Any documents produced on this point shall be treated by both parties as confidential and appropriately safeguarded. After production, the copies produced may not be further reproduced or circulated without express permission of the Court.

The Court has received letters from two people, M.S.H. and C.C.J.,1 who object to the release of their transcripts. (ECF Nos. 67 & 68.) C.C.J. identifies himself as a former student and graduate of the university; M.S.H. does not indicate whether she is a current student or a former student.

Although FERPA requires notification by the university to the students (or parents if a student is a minor) in advance of compliance with a judicial order, see 20 U.S.C. § 1232g(b)(2)(B), the statute does not contain a mechanism by which students may file formal objections with a court. The applicable regulation, 34 C.F.R. § 99.31(a)(9)(ii), purports to grant a right to students to seek protective action, but it is unlikely that a federal agency can confer jurisdiction upon a court where Congress has refrained from doing so. In Rios v. Read, 73 F.R.D. 589 (E.D.N.Y. 1977), another court found it “pointless” to require notification if students have no opportunity to object. Id. at 601. On the contrary, in fact a student may well value, appreciate, profit from, and therefore have an interest in merely knowing that his or her transcript has been released, even if he or she has no chance to object. In addition, the Rios court compared § 1232g(b)(2)(B)’s right of notification of disclosure pursuant to court order to § 1232g(a)(2)’s right to challenge, via hearing at the applicable institution or agency, the content of educational records and concluded they embodied similar concerns. 73 F.R.D. at 601. This Court does not agree. The right to ensure accurate content of student records is fundamentally different from the right to be notified of [847]*847disclosure of records. That Congress required educational agencies and institutions to afford hearings for the former purpose and chose not to create a judicial avenue for objecting to the latter is fully consistent with the different concerns these two rights embrace. Therefore, Congressional action creating the right to notification without a corresponding right to object is not necessarily illogical, and there is no basis for the Court to amend the statute to create such a right. Thus, the Court concludes M.S.H. and C.C.J. have no standing to intervene in this lawsuit that does not otherwise concern them.
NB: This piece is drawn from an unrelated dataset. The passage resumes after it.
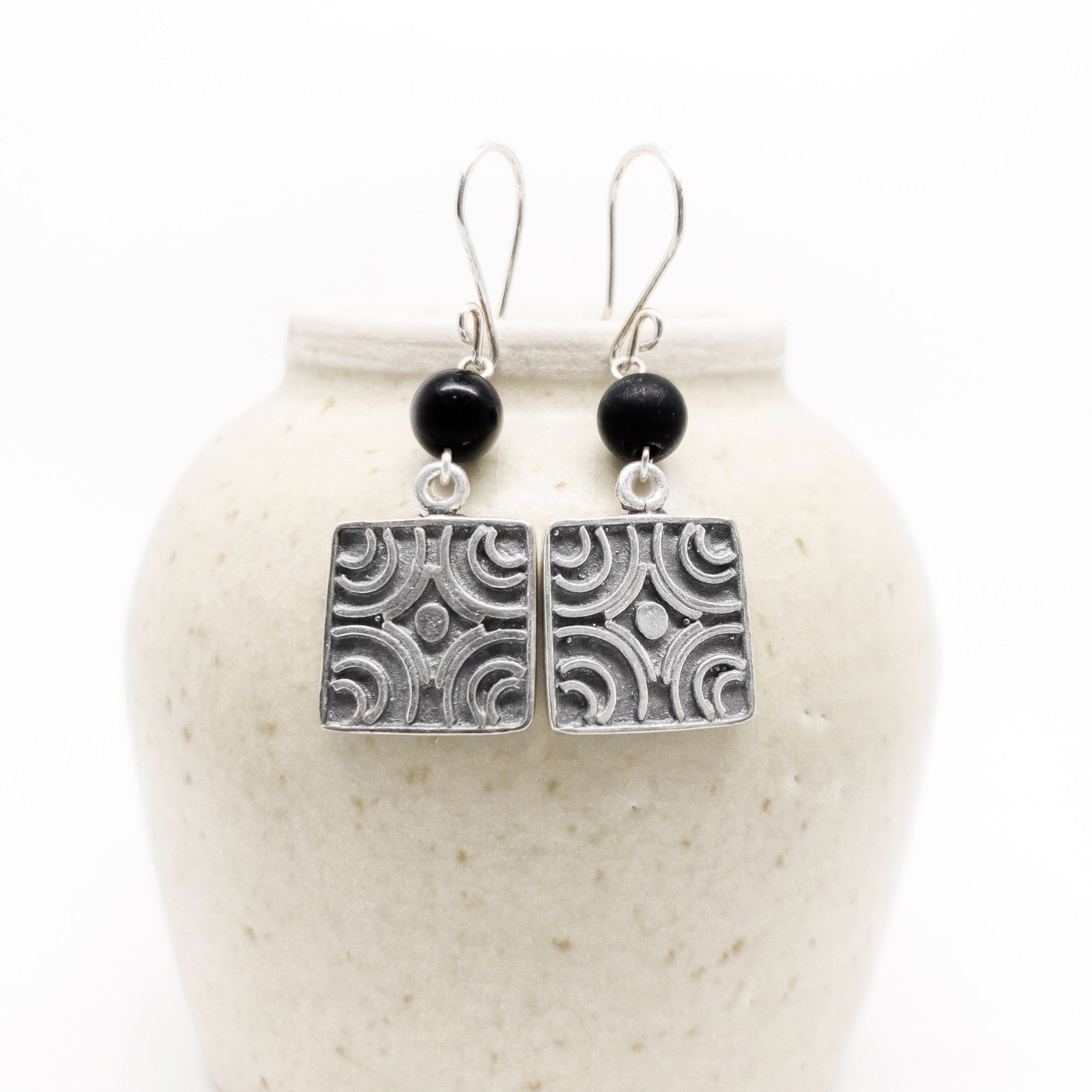 Estos aretes son una adaptación de un sello prehispánico en forma de cilindro, encontrado en la Ciudad de México que representa diseño de cuadrado.

Even if the Court were to treat these two individuals as proper intervenors, their objections fail to have any merit. Both generally object to the release of their transcripts, but neither advances a specific, compelling reason why their preference for nondisclosure should override the Court’s determination that disclosure is appropriate and relevant in the context of this case. Moreover, the Coxirt reiterates the specific protective measures in its pri- or order.

Accordingly, treating the students’ objections as motions to intexwene, the Court DENIES them.

SO ORDERED.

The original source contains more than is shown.